*Instructions to follow*. Below, some lines carry pictures; leave those pictures out and retype exactly the lines from the one with "2. Si tu n’interagis" through the one with "Pretty cool looking".

---- Record extracts

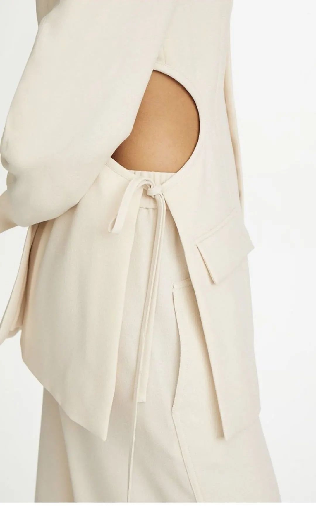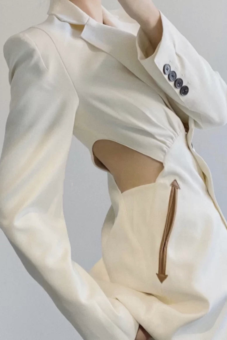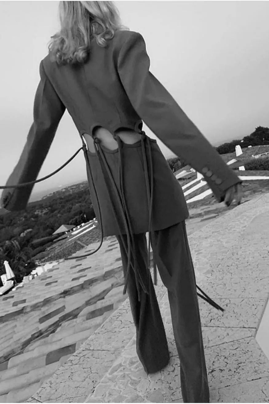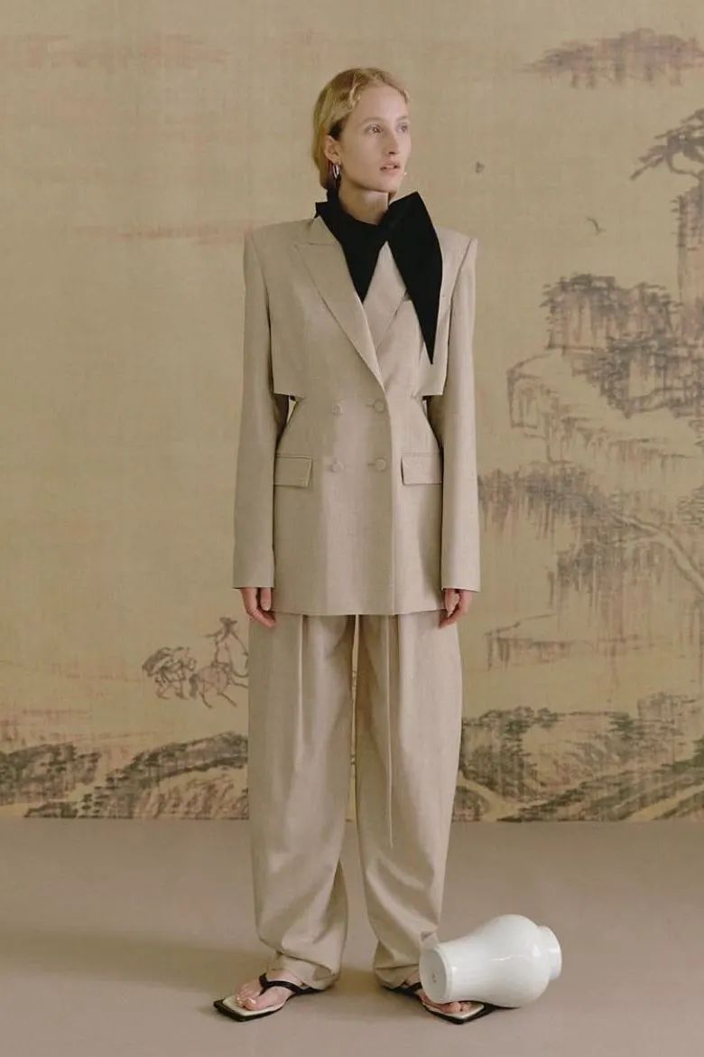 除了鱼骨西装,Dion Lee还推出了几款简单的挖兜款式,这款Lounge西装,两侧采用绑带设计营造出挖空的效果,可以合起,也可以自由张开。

--------
---- Record extracts

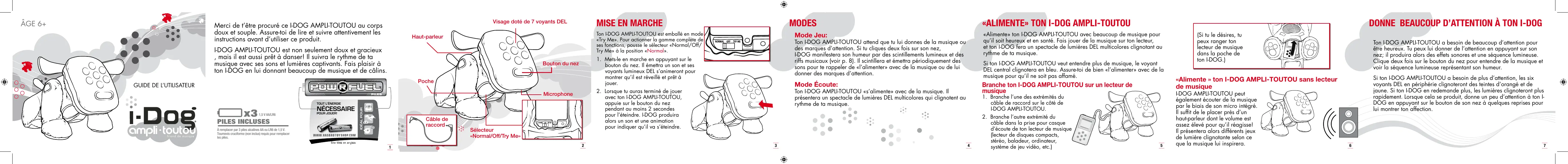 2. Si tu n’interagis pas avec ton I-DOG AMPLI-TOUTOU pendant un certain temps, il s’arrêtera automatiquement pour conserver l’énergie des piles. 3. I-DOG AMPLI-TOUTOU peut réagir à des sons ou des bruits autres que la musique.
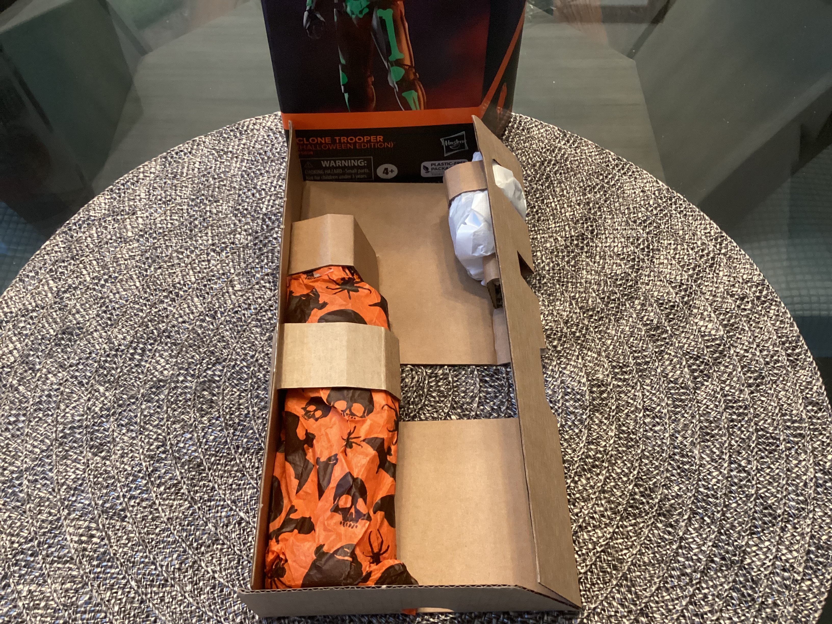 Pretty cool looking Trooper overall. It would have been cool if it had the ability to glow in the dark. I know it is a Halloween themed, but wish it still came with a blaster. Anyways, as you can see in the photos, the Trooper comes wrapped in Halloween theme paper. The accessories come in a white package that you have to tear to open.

--------

*Task response*.
 2. Si tu n’interagis pas avec ton I-DOG AMPLI-TOUTOU pendant un certain temps, il s’arrêtera automatiquement pour conserver l’énergie des piles. 3. I-DOG AMPLI-TOUTOU peut réagir à des sons ou des bruits autres que la musique.
 Pretty cool looking Trooper overall. It would have been cool if it had the ability to glow in the dark. I know it is a Halloween themed, but wish it still came with a blaster. Anyways, as you can see in the photos, the Trooper comes wrapped in Halloween theme paper. The accessories come in a white package that you have to tear to open.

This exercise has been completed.